Long term preps - food storage might be something to try and hide but my neighbors with tens of thousand bushels of corn or wheat in a great big silo is pretty hard to hide as is a couple hundred head of cattle or hogs . Green houses, bee hives, smoke houses, chicken house can usually be seen form a road even on a 1000 acre farm. Every farm has some fuel storage and again a thousand gallon tank is pretty easy to see even my small 250 gallon tanks are pretty easy to see as are the 1000 propane tanks. Guns you know everyone has - they have at least deer rifles and shot guns . Maybe you don't know that someone has thousands of rounds but you assume a couple hundred and at least one rifle and one shot gun. 

Short of heavy weapons, radiation detection gear or NBC gear I would not be surprised by much. 

Most of the homes have at least a tornado shelter - many are outside of a trailer or older home and easy to see. And every home has some backup way to heat or is on wood heat, many have solar, lots of wells and ponds. 

Many of my neighbors use horses to farm with and travel by buggy, horseback or bike. Again pretty hard to hide. 

I would assume every remote cabin in a wooded rural area would be set up with solar, some type of water supply , wood heat , have some food supplies and if people are there have weapons. 

Only in the suburbs do people not have this type of stuff and that would be the area to try and hide some of what you got.


----------



## Illini Warrior (Jan 24, 2015)

Chipper said:


> My property is off limits to everyone and the neighbors know it. I will gladly come over and help bringing my tools and expertise when asked. If I don't know how to do something I figure it out, learn or ask but will not allow strangers in, period.


it might be 2-3 years down the road before you gt robbed one nite - because that kid that lived in the neighborhood and you befriended suddenly needed drug $$$$ - he remembered his old neighborhood as a plum target and not good memories of childhood ...


----------



## The Tourist (Jun 9, 2016)

Oh, but there always are good memories! If the drug addict/thief is black, 16 or 17 years old and carrying a weapon--and you kill him--his mother will cry all over CNN all the way to Moscow (sorry for the duplication) about how he was a good kid, always brought his cut of the profits to her, stole her a winter jacket from The Boston Store, never talked back to his probation officer, and smacked a white kid who just a little too white.

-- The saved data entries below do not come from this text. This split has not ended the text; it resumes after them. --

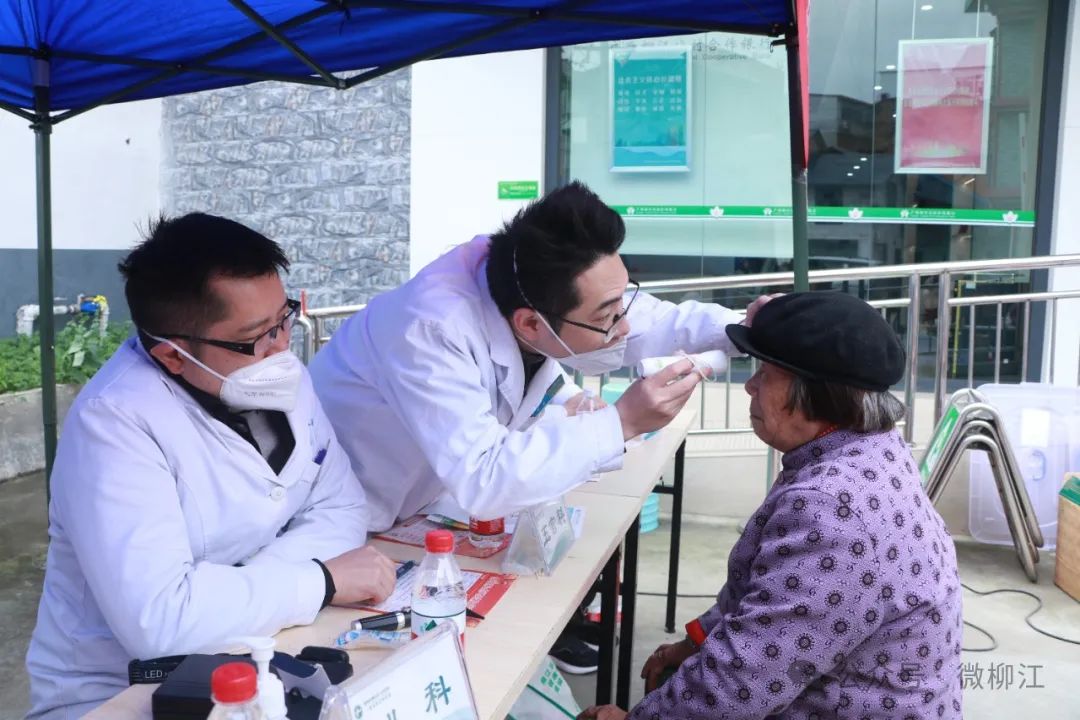3月19日,“暖心三月学雷锋,爱心义诊送健康”活动,在柳江区成团镇农村信用社前停车场举行。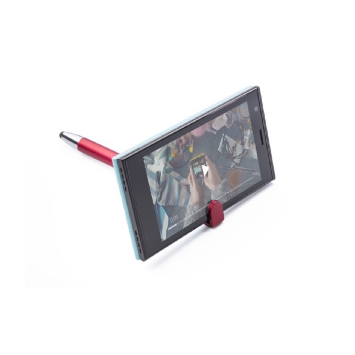 - Bolígrafo de ABS con puntero táctil y soporte para móvil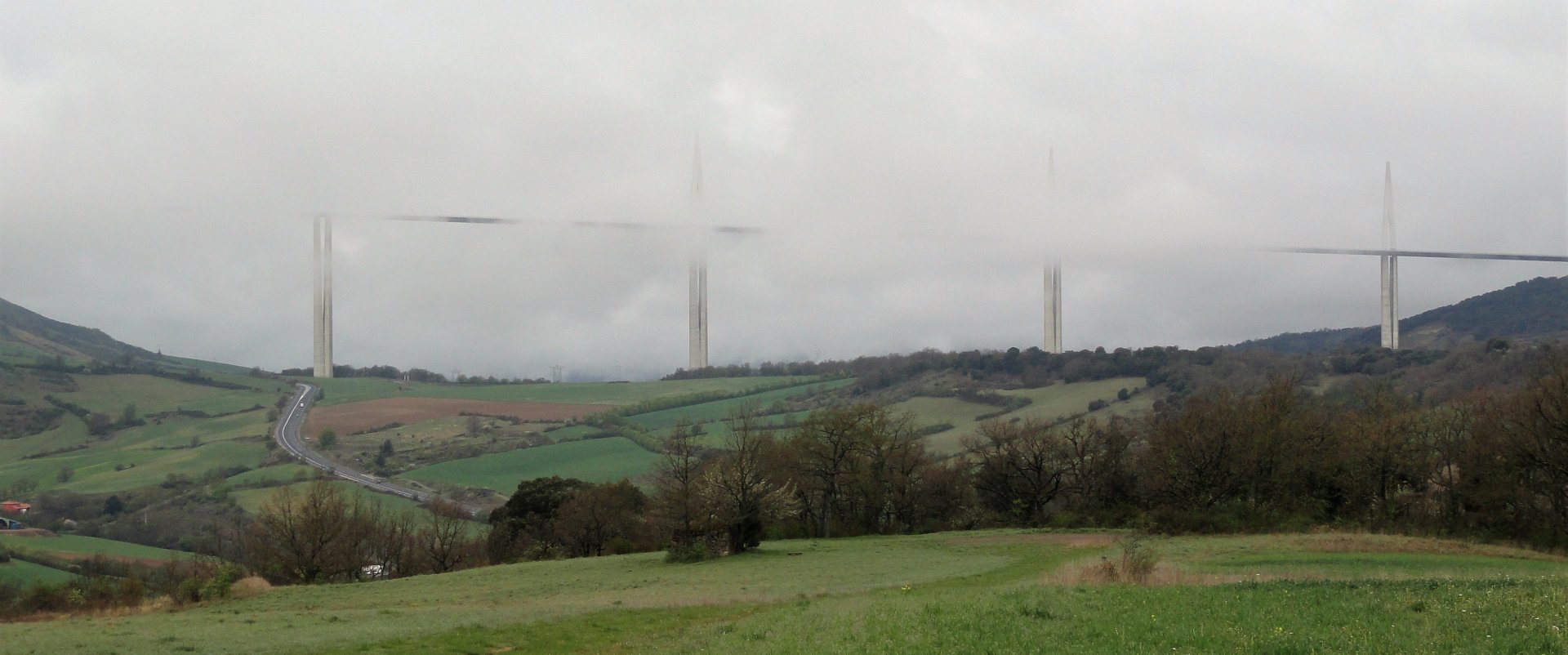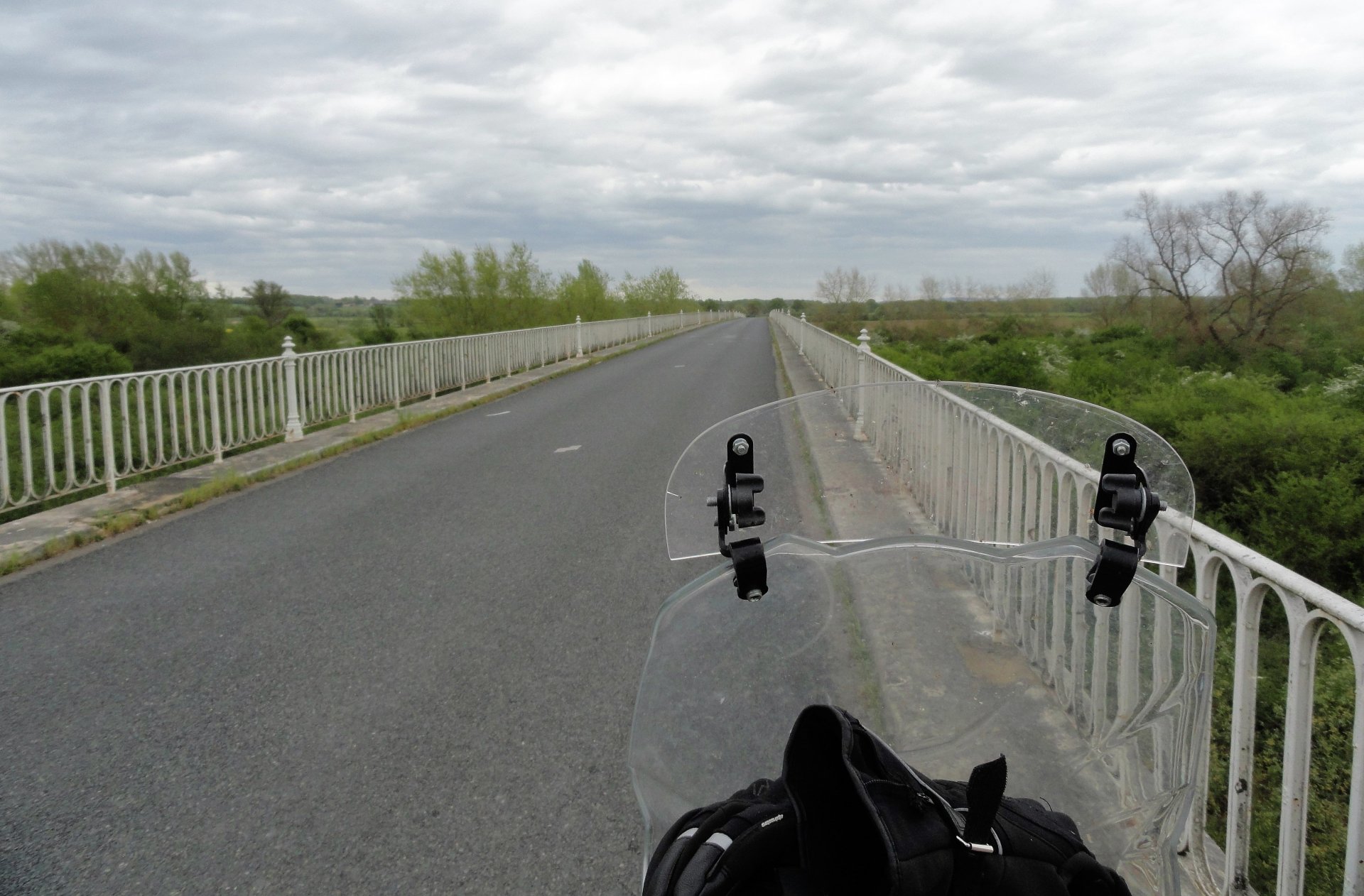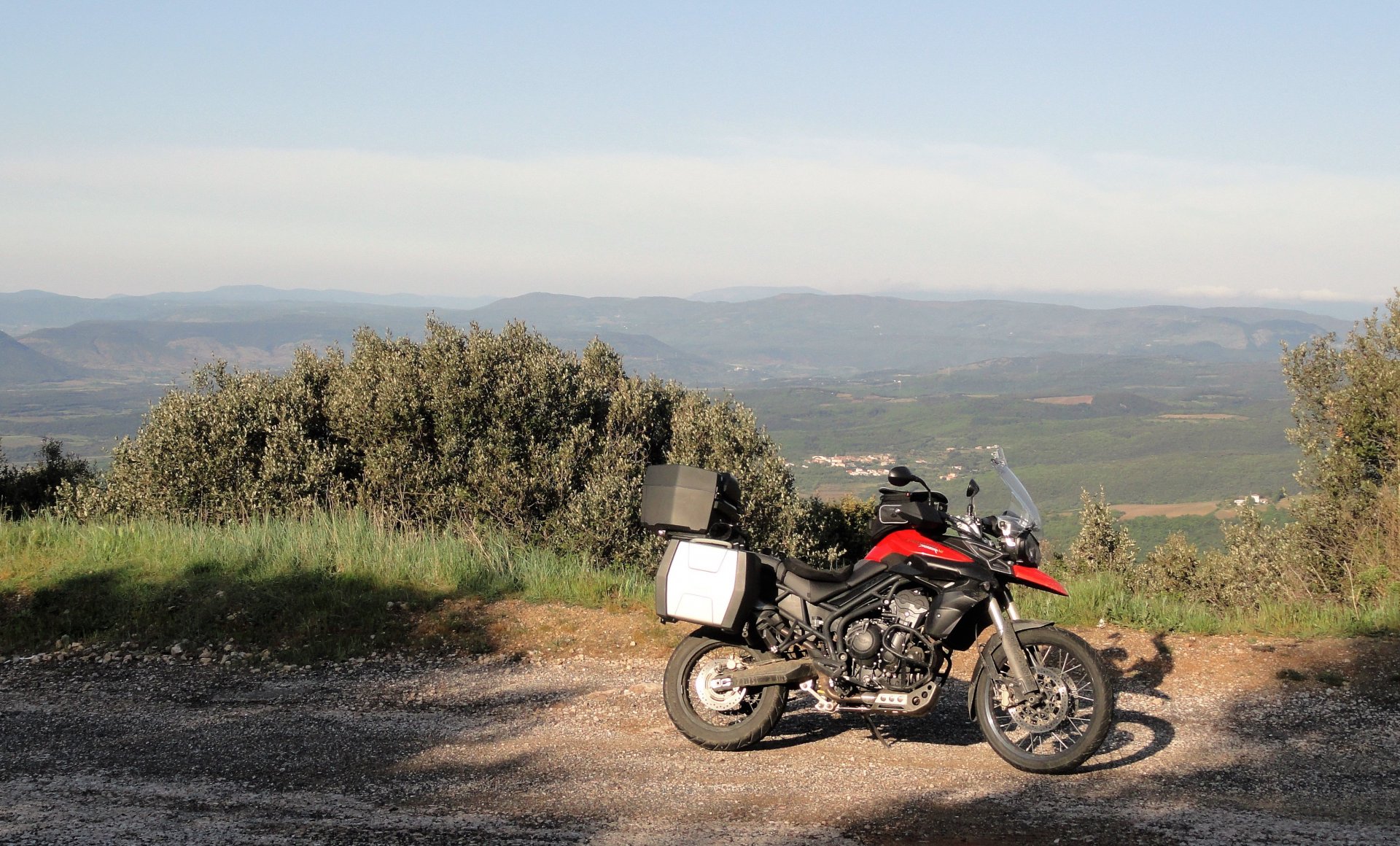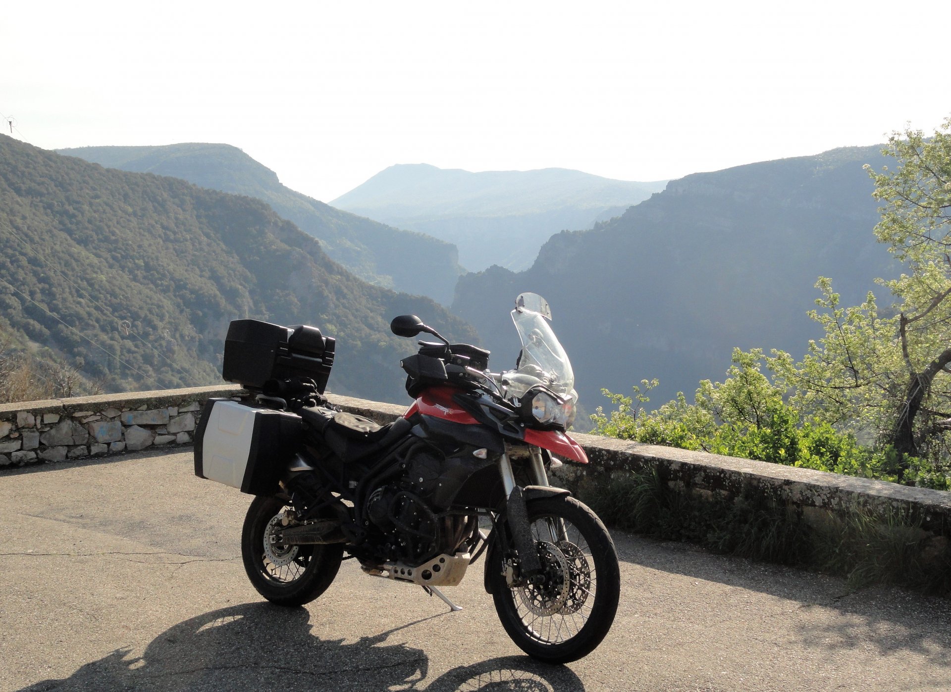 I think I had planned 1500km for this trip and door to door was 1508km according to the trip meter on the bike. it also showed 24h50 minutes riding time ( a little less in reality as I don't always switc the engine off when stopping for a pic or slapping the sat nav or whatever but call that "saddle time" and it'd be about right) fuel consomption was around 5,8L per 100 km. I left home on wednesday morning under clear skies and temps of around 8 to 10 deg c. The first stage was south to Clermont Ferrand on roads that I have ridden many times before. Crossing the Loire, westbound at Pouilly sur Loire I rode south on the left bank of the Loire for a while further before stopping for a coffee break. Budget restrictions being what they are ( and I'm something of a cheapskate at the best of times...) coffee from a flask was the order of the day and I just stopped at a convenient spot at the roadsiide by the river. Tigger in full touring Mode: despite the sunshine, I still had thermal liners in jacket and trousers at this point. I picked up the A75 southbound shortly after this at Monmarrault and as the weather rapidly deteriorated I hunkered down and concentrated on "making progress", switching from the "scenic" gps app to "Coyote" which warns of any speed cameras or dangers on the road as well as basic navigation. I really didn't need any avigational aids as I simply had to run south untill junction 37. This was a boring, if reasonable short interlude just concentrating on the road ahead and despite the rain keeping the speed needle around 140km/h ( the French Autoroutes are limited to 130 under normal circumstances, but in rain are limited to 110 and 140 on the tigers clocks gives a real speed of around 135, hence the usefulness of advance warning of any speed cameras, mobile or otherwise. ( it's not an infallible system, but for 50€ a year it only has to avoid 1 10 km/h exess speed fine to be viable. ) Once off the Autoroute, the road eastwards from Marvejols to Balsieges, before joining the Gorges du Tarn proper was superbe. The weather was still cold and damp, with 10/10ths cloud cover but only actually raing in brief showers. These showers are much easier to deal with wearing waterproof riding gear rather than having to stop and clamber in and out of rain gear every half hour. then the start of the Gorges du Tarn proper. riding down the Gorges was stunning, I can honestly say that I have never seen anything like it, there's certainly nothing on this scale in the Uk. Having the road to myself, mostly due to the bad weather was a bonus cos I imagine it would be heaving with bikes and camping cars during the summer. The main problem was actually staying on the road which winds seemingly endlessly downwards hanging onto the edge of the mountainside, on a balcony to go around a buttress, through a tunnel from time to time, squeezing through a gap between the cliff face and an outcrop, never straight or level or of equal width for more then a dozen yards and all this on a wet surface whilst gawking open mouthed at the incredible scenery. Wow! just... Wow. Once it was over and I was nearly at the bottom I realised I had taken no pics, just too gobsmaked by it all to function normally. It was about 18:30 when I rode into Millau from the west. I had provisionally booked a bed in a local "Gite d'Etape" ( bit like a youth Hostel) which, using my sleeping bag and sorting myself out food wise, would only cost me 15€ ( remember what I said about being tight fisted?) It was raining steadily now and when I stopped at a supermarket to grab a salad and sandwich for my supper, I phoned ahead to tell him I was about 15 minutes away. I mentioned I was just getting some food and he said " you can't eat here." I new that they weren't doing food cas I was the only guest, but I had previously said that I would grab a sarnie on the way in. He now decided that he wasn't happy with me eating a sandwich in my room either! Bearing in mind it was now pissing down I told him he could fuck off and hung up. ooopsss... Google to the rescue ( much as I hate to admit it the smartphoe is a very useful tool in this sort of situation, it took me about 3 minutes to find the nearest hotel mercure / Ibis ( 800m away) and book a room for the night with free undercover secure parking for the bikeand breakfast included for 80€ ( tight fisted up to a point...) I already had food for the evening and the welcome and service at the hotel were excelent and I mad good use of the facilities which were far superior than I would have found in a gite d'etape. The view from the hotel room window It was too late to go and look at the viaduct / suspenders bridge and as I had planned a short easy run the next morning I decided to leave it till then.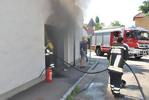 Ein Atemschutztrupp begab sich sofort mit einem HD Rohr in das Innere der Garage und begann mit den Löschmaßnahmen.

I will admit that I polish tactical knives. I always wrap the handles in Saran Wrap until the client comes to pick it up. I've seen this "crying mother" fairytale once too many times to donate any fingerprints or DNA...


----------



## phrogman (Apr 17, 2014)

I live in the suburbs. Lots of people around here have cameras on their driveways or doorbells. My neighbors right across the street from me have their camera facing directly at my house and their neighbors have the Ring doorbell camera which has my driveway and garage in its view. It is difficult to do anything without someone watching. When I have to move stuff in and out of my home, I try to do at night. My house is not very big so it is hard to hide things inside. I keep my preps in the pantry, closets or garage, no room for secret storage areas. 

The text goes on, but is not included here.